I thought I should share with you my findings and explain a little about grain lines and how they affect your projects and how you can use them to your own advantage.

To start with lets look at the structure of most fabrics which should have a warp and weft grain line. The warp being the vertical grain and the weft being the horizontal grain. (Remember weft is left!)

On a 45 degree angle to this is the bias
Most pattern pieces should tell you what angle to cut the fabric on - usually it's pretty important to follow these lines as they affect the end look of your garment and because the pattern designer wants to ensure you get the same end result as their initial design. 

Pattern pieces showing grain line direction arrows - Warp, Weft and Bias

But what if your free styling and making a skirt from some left over fabric or the pattern piece doesn't indicate the grain line? 

The angle of your 'cut' will create different drapes and will fit the body differently so it's handy to know which is which and how you can determine for yourself how the garment will look in the end. 

For example, you plan to make an a-line skirt. You don't always need a pattern if you take your measurements and translate them to the fabric. On the below images the stripes on the fabric will demonstrate the grain line used

Cut vertically with the warp the skirt will hang simply and will look neat and not give you much fullness - giving you a perfect A shape.

Most of the dresses I make are cut on the warp grain line

Cut horizontally on the weft, the skirt may drop a small amount as the weft is a slightly weaker weave then the warp and your skirt will flow a little more nicely. 
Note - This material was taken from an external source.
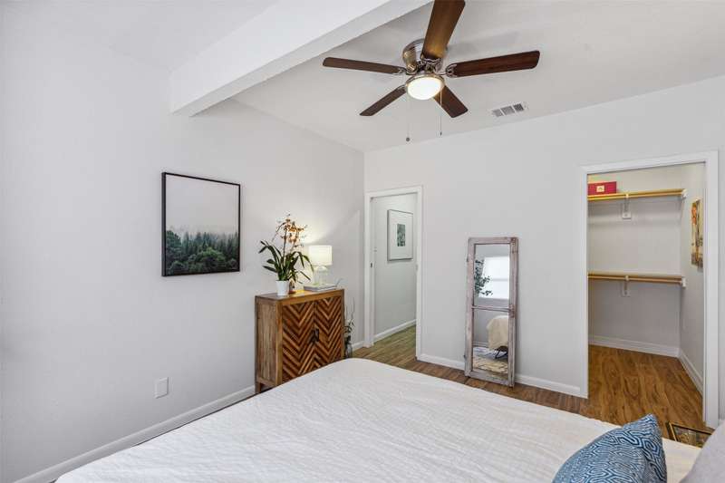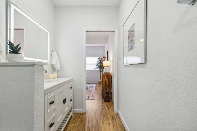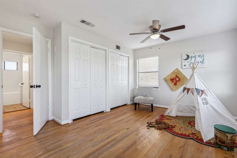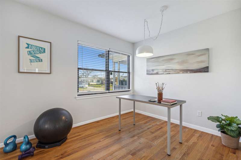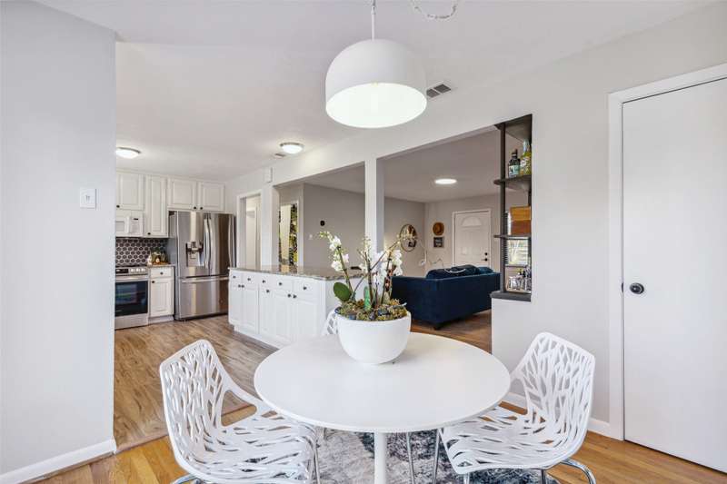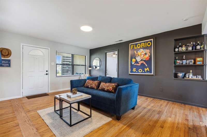 A must-see Mid-Century gem in east Dallas! The open kitchen is the heart of the home, featuring a large island, stainless gas cooktop, ample counter space, and abundant cabinetry. The primary suite includes a modern en suite bath with designer tile, custom cabinetry, anti-fog mirror, and a double walk-in shower. You'll also find a true walk-in closet and a dedicated full-size laundry area, rare for the neighborhood. A large secondary bedroom offers great flex space, perfect for an art studio, office, or playroom. Enjoy a spacious backyard with an oversized walk-in storage building, .21-acre lot with alley access, and an entertainers patio. Fruit trees including peach, apple, pear, plum, and fig and an assortment of wild herbs and perennial sunflowers complete the outdoor oasis. Over $40k in recent upgrades including a new roof, new PVC sewer line, AC unit, cabinet, and line-set, and a new water softener and reverse osmosis tap.

Cut on the bias, expect the fabric to drop, but also have the most flow and body. As the bias is the stretchiest angle, it will naturally flow better. The skirt will look less A line then if it was cut on the warp. This is also why circle skirts have the best fullness as they are normally cut on the bias too
On tighter garments, the bias cut helps the fabric to cling to your body which is more flattering, and something that Ossie was excellent at achieving. In the below image the sleeve and bodice of this dress are made from a non-stretch fabric cut on the bias. This method of cutting makes it stretchier in a way and moves with her body.

In my early sewing days when I was a tight ass rebel, I used to put the pattern pieces wherever they fit (usually cause I never bought enough fabric) and the end result would never fit nicely like on the pattern envelope. The sleeves would twist around and making darts fit was impossible! 
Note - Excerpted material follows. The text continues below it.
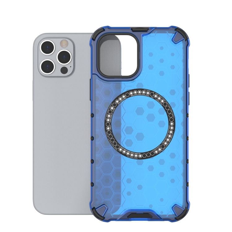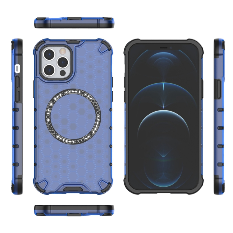 Funda para iPhone 12 Pro Max Honeycomb Magnetic Ring a Prueba de Golpes (Azul)

So in summary, cutting the fabric on different angles will change the over all look and fit of your end garment. If you want your skirt to have more body or if you want your dress to 'cling' to your body better, cut it on the bias.

Ossie Clark & Gala Mitchell, 1974
Most early to mid 60's patterns are cut on the straight grain lines as the structured clean look was preferred, but by the end of the decade the 1930's look of glamorous dresses that clinged to the body and accentuated curves was more common - as we see in Ossie Clarks work. Fabric appeared to skim over the body and created movement with fabric that might not have been as compliant if cut normally, for example chiffon.
Are you a fan of bias cut clothing or Ossie Clark for that matter? Have you ever tried cutting a pattern on a different angle then instructed?

Take care dearies! 

16 comments:

  1. This post is a great tutorial about cutting fabric. When I began to sew also cut the pattern pieces anywhere, with time and experience, we learn to do well, this is a breakthrough. Kisses.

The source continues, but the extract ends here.